Another economic condition that controls Mrs. Mooney's inclinations is her position as a
"determined woman" (71). Mrs. Mooney has ideas that she wishes to implement and will
eliminate every obstacle that averts her purpose. In order to get Polly "off of her
hands", she has to be manipulative in her society (76). Because society strongly
disagrees with women being butchers, or having any means to a decent income for the
matter, Mrs. Mooney is forced to take her money and upper hand position and invest in her
own business. Joyce's juxtaposition of Mr. Mooney, the "shabby stooped little drunkard",
to Mrs. Mooney, "the imposing, Madam", further elucidates Mrs.
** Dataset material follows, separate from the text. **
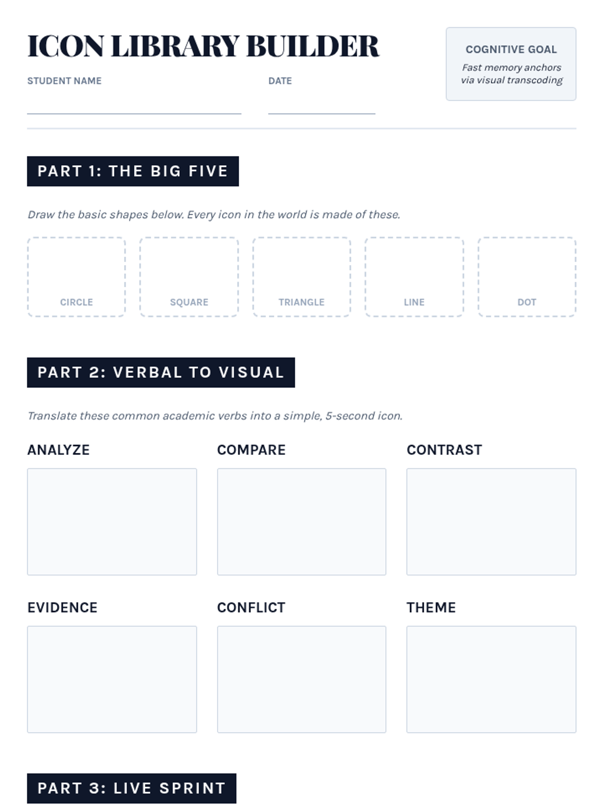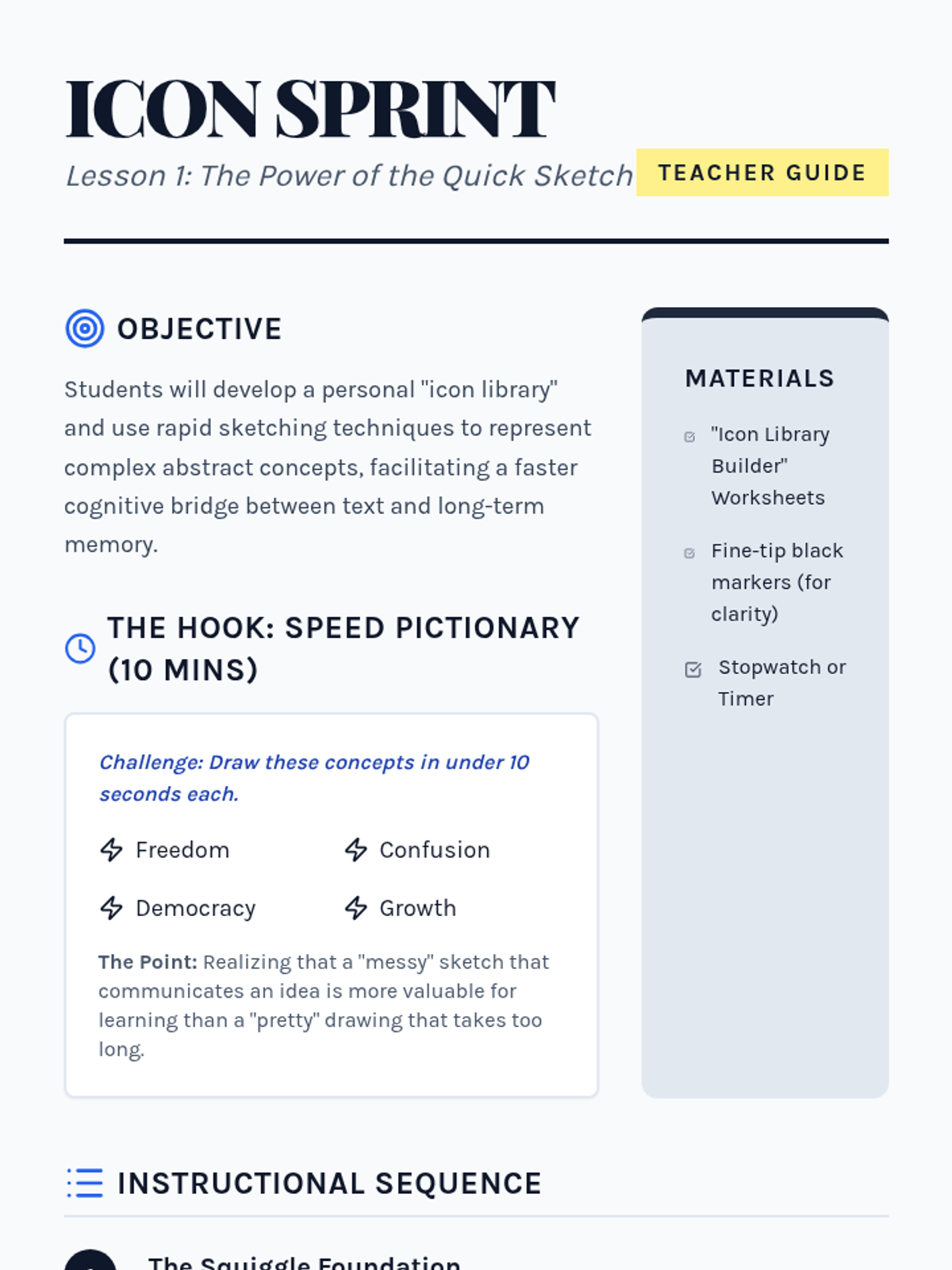 A specialized intervention sequence for 12th-grade students who struggle with verbal processing, focusing on 'Sketch-to-Stretch' strategies to improve memory retention and reading comprehension through visual transcoding. Students progress from simple icons to complex thematic maps, learning to anchor abstract academic concepts in physical drawings.

Mooney's determination to
provide Polly with a husband and desire to order her world. Echoing the Marxist creed,
the ideology of Mrs. Mooney's time is simply "the will of class made into a law for all, a
will whose essential character and direction are determined by the economic conditions of
existence of one's class" (Beer 27). Women are not allowed to have good positions with
high incomes. Their ultimate desire to acquire a husband along with their will to please
him reflects their inferior economic position. Furthermore, "their conditions of
existence are predestined, and hence have their position in life and their personal
development assigned to them by their class, become subsumed under it" (Ideology 179).
Polly is predestined to seek a husband because she's a woman and fits into the inferior
economic role.

Mrs. Mooney's role as a butcher's daughter causally effects the way she handles the quest
for Polly's mate. Being such a daugther, she has grown accustomed to preventing emotions
from interfering with her duties, and has acquired a strong, business-like attitude to all
subjective affairs. This is revealed likening marriage to a "business", negating love as
being an influential factor (Joyce 72). Neither subtle nor understanding, "she dealt with
moral problems as a clever deals with meat" (74). When Polly gets pregnant, Mrs. Mooney
fails to consider Mr. Doran's pains and jumps to the conclusion that Doran is at fault and
the two must be married at once. "Evident by the decisive expression of her great flourid
face", Mrs. Mooney is fully aware that Mr. Doran is stewing about, anxious to converse
with her on the reparation issue. Instead of taking pity on his dilemma, Mrs. Mooney
tosses all emotions aside and rigorously continues on her mission. Mrs. Mooney in turn
lives by her false consciousness by not recognizing Mr. Doran's feelings and assuming that
her actions were the only genuine ones to take.